Ecological dynamics

Vegetation at the site has a simple structure of extremely dense, low-growing sedge turf with few snow-tolerant forb species. The vegetation is dominated by one to two mat-forming sedges including Payson’s sedge (Carex paysonis), black alpine sedge (Carex nigricans), and northern singlespike sedge (Carex scirpoidea). Overall, due to harsh site conditions, there is lower species diversity although forbs do occur. Forbs at this site include Rocky Mountain groundsel (Packera streptanthifolia), Eschscholtz’s buttercup (Ranunculus eschscholtzii), and arrowleaf ragwort (Senecio triangularis).

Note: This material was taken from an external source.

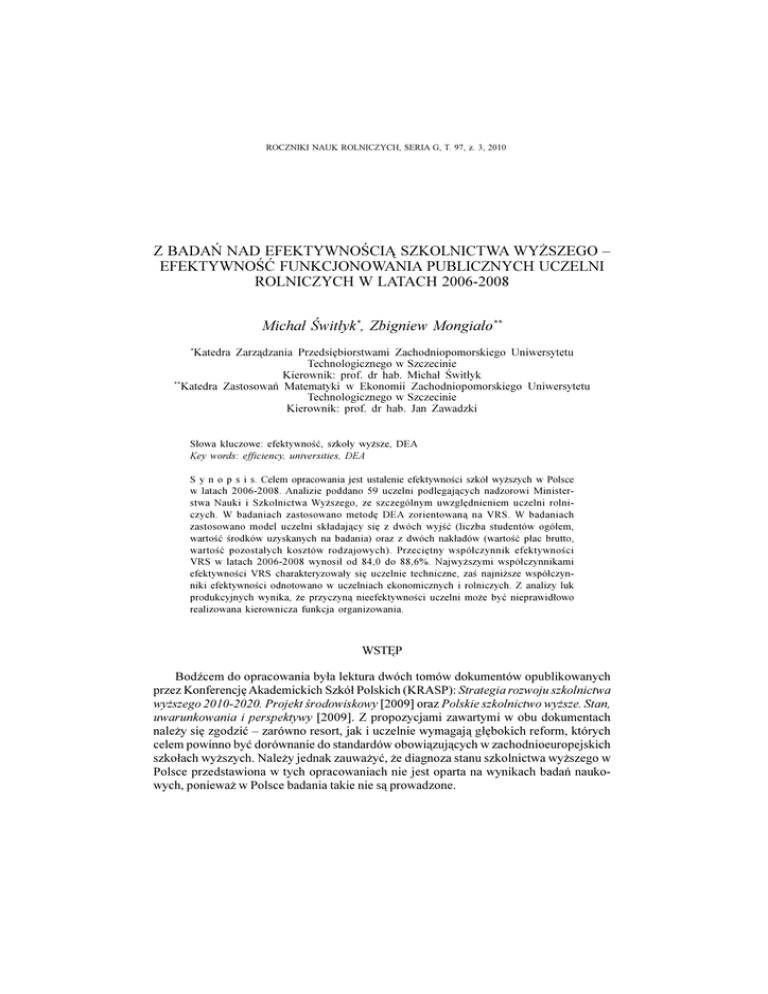 ROCZNIKI NAUK ROLNICZYCH, SERIA G, T. WY¯SZEGO 97, z. 3, 2010... Z BADAÑ NAD EFEKTYWNOCI¥ SZKOLNICTWA 269 Z BADAÑ NAD EFEKTYWNOCI¥ SZKOLNICTWA WY¯SZEGO EFEKTYWNOÆ FUNKCJONOWANIA PUBLICZNYCH UCZELNI ROLNICZYCH W LATACH 2006-2008 Micha³ wit³yk*, Zbigniew Mongia³o** Katedra Zarz¹dzania Przedsiêbiorstwami Zachodniopomorskiego Uniwersytetu Technologicznego w Szczecinie Kierownik: prof. dr hab. Micha³ wit³yk ** Katedra Zastosowañ Matematyki w Ekonomii Zachodniopomorskiego Uniwersytetu Technologicznego w Szczecinie Kierownik: prof. dr hab. Jan Zawadzki * S³owa kluczowe: efektywnoæ, szko³y wy¿sze, DEA Key words: efficiency, universities, DEA S y n o p s i s. Celem opracowania jest ustalenie efektywnoci szkó³ wy¿szych w Polsce w latach 2006-2008. Analizie poddano 59 uczelni podlegaj¹cych nadzorowi Ministerstwa Nauki i Szkolnictwa Wy¿szego, ze szczególnym uwzglêdnieniem uczelni rolniczych. W badaniach zastosowano metodê DEA zorientowan¹ na VRS. W badaniach zastosowano model uczelni sk³adaj¹cy siê z dwóch wyjæ (liczba studentów ogó³em, wartoæ rodków uzyskanych na badania) oraz z dwóch nak³adów (wartoæ p³ac brutto, wartoæ pozosta³ych kosztów rodzajowych). Przeciêtny wspó³czynnik efektywnoci VRS w latach 2006-2008 wynosi³ od 84,0 do 88,6%. Najwy¿szymi wspó³czynnikami efektywnoci VRS charakteryzowa³y siê uczelnie techniczne, za najni¿sze wspó³czynniki efektywnoci odnotowano w uczelniach ekonomicznych i rolniczych. Z analizy luk produkcyjnych wynika, ¿e przyczyn¹ nieefektywnoci uczelni mo¿e byæ nieprawid³owo realizowana kierownicza funkcja organizowania. WSTÊP Bodcem do opracowania by³a lektura dwóch tomów dokumentów opublikowanych przez Konferencjê Akademickich Szkó³ Polskich (KRASP): Strategia rozwoju szkolnictwa wy¿szego 2010-2020. Projekt rodowiskowy [2009] oraz Polskie szkolnictwo wy¿sze. Stan, uwarunkowania i perspektywy [2009]. Z propozycjami zawartymi w obu dokumentach nale¿y siê zgodziæ zarówno resort, jak i uczelnie wymagaj¹ g³êbokich reform, których celem powinno byæ dorównanie do standardów obowi¹zuj¹cych w zachodnioeuropejskich szko³ach wy¿szych. Nale¿y jednak zauwa¿yæ, ¿e diagnoza stanu szkolnictwa wy¿szego w Polsce przedstawiona w tych opracowaniach nie jest oparta na wynikach badañ naukowych, poniewa¿ w Polsce badania takie nie s¹ prowadzone. 270 M. WIT£YK, Z. MONGIA£O W obu opracowaniach s³ów o rdzeniu s³owotwórczym efektywn- u¿yto 158 razy, w tym w Strategii 57 razy, a s³ów o rdzeniu s³owotwórczym produktywn- u¿yto 9 razy, w tym w Strategii 4 razy. S³ów efektywnoæ i produktywnoæ u¿ywano w ró¿nych kontekstach: dotycz¹cych resortu nauki albo uczelni (efektywnoæ naukowa, produktywnoæ) lub jednostki (pracownika naukowo-dydaktycznego). Np.: Produktywnoæ dzia³alnoci naukowo-badawczej szkolnictwa wy¿szego zostanie podniesiona do poziomu krajów rozwiniêtych o zbli¿onym PKB [Strategia..., s. 65]. Efektywnoæ dzia³alnoci naukowobadawczej pracownika naukowego szkolnictwa wy¿szego zostanie podniesiona do poziomu redniej efektywnoci w krajach rozwiniêtych [Strategia , s. 65]. Autorzy opracowania proponuj¹ poprawê zarz¹dzania na dwóch poziomach: ministerstwa i uczelni. Dla ministerstwa proponowana jest poprawa zdolnoci mened¿erskich, które obejmuj¹ zdolnoci ministerstwa do opracowania polityki [Strategia..., s. 47]. W uczelniach natomiast nale¿y stosowaæ tak¿e inne narzêdzia, usytuowane ni¿ej w hierarchii, tak aby mog³y byæ one u¿yte szybko i efektywnie chodzi o znowelizowane rozporz¹dzenia, zmiany statutowe, instrumentarium ekonomiczne; nale¿y tak¿e uwzglêdniæ kodeksy etyczne oraz kodeks dobrych praktyk szkó³ wy¿szych, og³oszony przez KRASP w 2007 roku i przyjêty przez wiêkszoæ uczelni akademickich [Strategia..., s. 16]. S³uszna jest te¿ uwaga, ¿e po rozwi¹zania ustawowe nale¿y jednak siêgaæ w ostatecznoci, tam gdzie to jest naprawdê niezbêdne [Strategia..., s. 16]. Nale¿y postawiæ pytanie, dlaczego w chwili obecnej organy szkó³ wy¿szych nie korzystaj¹ z mo¿liwoci racjonalnego kszta³towania swoich struktur organizacyjnych w celu usprawnienia funkcjonowania szkó³ wy¿szych. Odpowied na to pytanie zamieszczona zosta³a w Strategii i brzmi: Kluczem wielu z nich [zmian przyp. autorów] jest poprawa zdolnoci mened¿erskich w³adz uczelni, co koresponduje z opini¹ ministerstwa o zarz¹dzaniu uczelniami, zamieszczon¹ w za³o¿eniach do nowelizacji ustawy Prawo o szkolnictwie wy¿szym oraz ustawy o stopniach naukowych [Strategia..., s.16]. Wed³ug tej opinii: Polskie uczelnie s¹ zarz¹dzane tradycyjnie, w sposób demokratyczny (elekcyjny), co powoduje, ¿e zarz¹dzanie uczelni¹ z natury rzeczy ma charakter zachowawczy i jest wypadkow¹ niestabilnych kompromisów pomiêdzy ró¿nymi, np. wydzia³owymi rodowiskami i grupami interesu [Za³o¿enia..., s.17]. Problematyka racjonalnoci wydatkowania rodków publicznych na funkcjonowanie uczelni publicznych jest rzadko podejmowana przez badaczy i resort nauki. Dominuje opinia, ¿e funduszy publicznych jest za ma³o i ¿e nie s¹ podejmowane próby racjonalizacji przydzia³u i wydatkowania rodków. Celem pracy jest zbadanie efektywnoci szkolnictwa wy¿szego przy zastosowaniu metody DEA oraz okrelenie luk produkcyjnych, ze szczególnym uwzglêdnieniem publicznych uczelni rolniczych. Za granic¹ badaniem efektywnoci uczelni za pomoc¹ DEA zajmowali siê m.in.: Taesik Ahn i wspó³autorzy [1988], Jill Johnes i Geraint Johnes [1995], Malcolm Abbott, Chris Doucouliagos [2003], Antonio Afonso, Mariana Santos [2004, 2005], Jill Johnes [2006], Jill Johnes i Li Yu [2008], Chiang Kao i Hsi-Tai Hung [2008], Ying Chu Ng i Sung-ko Li [2009]. W Polsce badania takie prowadzone by³y przez Ewê Kaniê [1998], Andrzeja Suwarzyñskiego [2006a, 2006b], Wies³awa Pasewicza i wspó³autorów [2009]. Z BADAÑ NAD EFEKTYWNOCI¥ SZKOLNICTWA WY¯SZEGO ... 271 FAKTOGRAFIA I METODY BADAÑ Badaniami objêto próbê uc

Other species that occur at the site in high frequency include alpine timothy (Phleum alpinum), alpine bluegrass (Poa alpina), creeping sibbaldia (Sibbaldia procumbens), subalpine fleabane (Erigeron peregrinus), meadow bistort (Polygonum bistorta), varileaf cinquefoil (Potentilla diversifolia), and Rocky Mountain goldenrod (Solidago multiradiata). Growing season is very short, but all species are perennial and able to have very quick springtime assimilation. Other species may occur infrequently and in very low cover representing more incidental occurrence. Species found at this ecological site are designated as facultative wetland, facultative and facultative upland. Therefore, most species are neutral towards or have only a slight affinity to wetland areas. Specifically, Juncus mertensiana is a wetland obligate species and occurs infrequently and in very low cover, at this site. Carex paysonis occurs in high cover throughout most sites, and is a facultative upland species meaning that it is usually in non-wetland conditions, but may occur in wetlands. Carex nigricans can dominate sites, and is a facultative wetland designated species, which means that it is a hydrophyte, which usually occurs in wetlands but also may occur in non-wetland areas. Carex scirpoidea and Juncus parryi can have high coverage at sites, though not in high frequency through all sites, are considered facultative species, which means they can occur in wetland and non-wetland areas.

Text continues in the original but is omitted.